Chemotherapy uses drugs to destroy cancer cells. Generally a combination of drugs is more effective than any single drug in treating bladder cancer. Medications are introduced into the bloodstream by injecting them into a vein in the arm or orally in pill form. Anticancer drugs may also be introduced directly into the bladder to treat superficial tumors. Chemotherapy may be given following surgery to kill any remaining cancer cells. A 2003 report stated that giving patients with bladder cancer chemotherapy followed by surgery may improve their outcomes. In the study of 307 patients, those with this combination of therapy lived two years longer than those treated with surgery only.
Immunotherapy, or biological therapy, uses the body's own immune system to fight the disease. In the case of early-stage bladder cancer, bacille Calmette-Guerin (BCG), a weakened strain of tuberculosis, may be placed directly into the bladder. As the immune system rallies to fight off the tuberculosis, it also attacks and kills cancer cells. This therapy has been shown to be effective in controlling superficial bladder cancer.
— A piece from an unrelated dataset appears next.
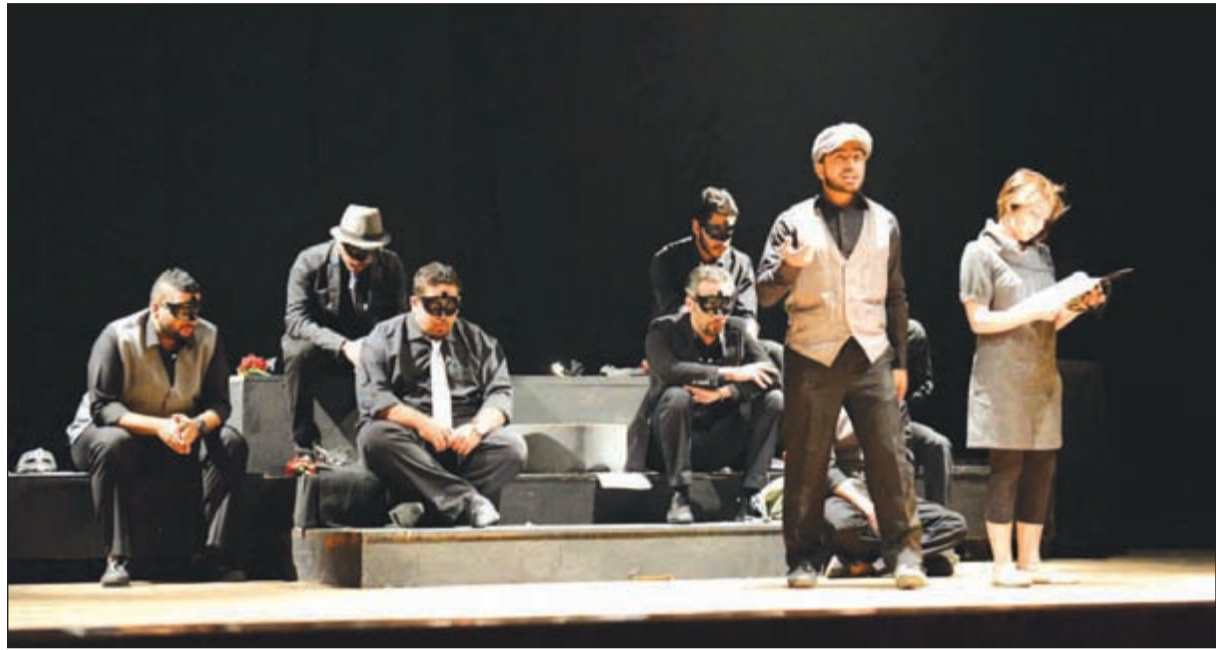
مشهد من مسرحية «رسالة إلى»

اختتمت فرقة مسرح جامعة الكويت مسرحية «رسالة إلى» عروض الدورة الثالثة من المهرجان الأكاديمي المسرحي وذلك مساء أمس الأول على خشبة الراحل حمد الرجيب وسط حضور جماهيري كبير رغم أن العرض عرض على هامش المسابقة الرسمية للعروض ولكن «الزین يفرض نفسه».

New treatments are continuously being investigated. Scientists have made great strides in gene mapping and research in the twenty-first century. In 2003, a type of gene therapy was being tested on patients with bladder cancer with success, but further enhancements were needed.
If cancer is detected early and is limited to the inner lining of the bladder, it responds well to treatment. Most bladder cancers are first seen at this stage. At least 90% of patients survive five years or more after an initial diagnosis. However, if the disease has spread to nearby tissues, the survival rates drop to 49%, and if the cancer metastasizes to distant organs only about 6% of patients will survive five years or more.
Bladder cancer has a very high rate of recurrence. Even after tumors are totally removed, there is a high chance that new tumors will develop. Therefore, those who have had bladder cancer should have frequent and thorough follow-up care.
Those who have a history of bladder cancer, who have been regularly exposed to cancer-causing chemicals, or who have had conditions that cause long-term irritation to the bladder, should undergo regular screening tests for bladder cancer. This will ensure that the disease can be detected in the early stages and treated appropriately.
Avoiding risk factors whenever possible is the best alternative, particularly tobacco. Appropriate safety precautions should be maintained when working with cancer-causing chemicals. Working with such chemicals should probably be avoided altogether. Women may want to discuss the risks vs. benefits of hormone replacement therapy with their physicians.
Since stress and irritation of the bladder may contribute to bladder cancer, the health of the bladder and urinary tract should be carefully maintained. Caffeine, which is found in coffee, tea, colas, and chocolate, is thought to be a factor for cancer of the lower urinary tract, including the bladder, and should be avoided. It also is important to have a good fluid intake to flush the urinary tract of possible toxins. Six to eight glasses or more of water and fluids such as plain herbal teas and diluted fruit or vegetable juices should be consumed daily. A dropperful (25-30 drops) of a tincture of burdock seed, Artium lappa, will help flush the entire urinary tract, relieve bladder irritation and inflammation, and strengthen the bladder.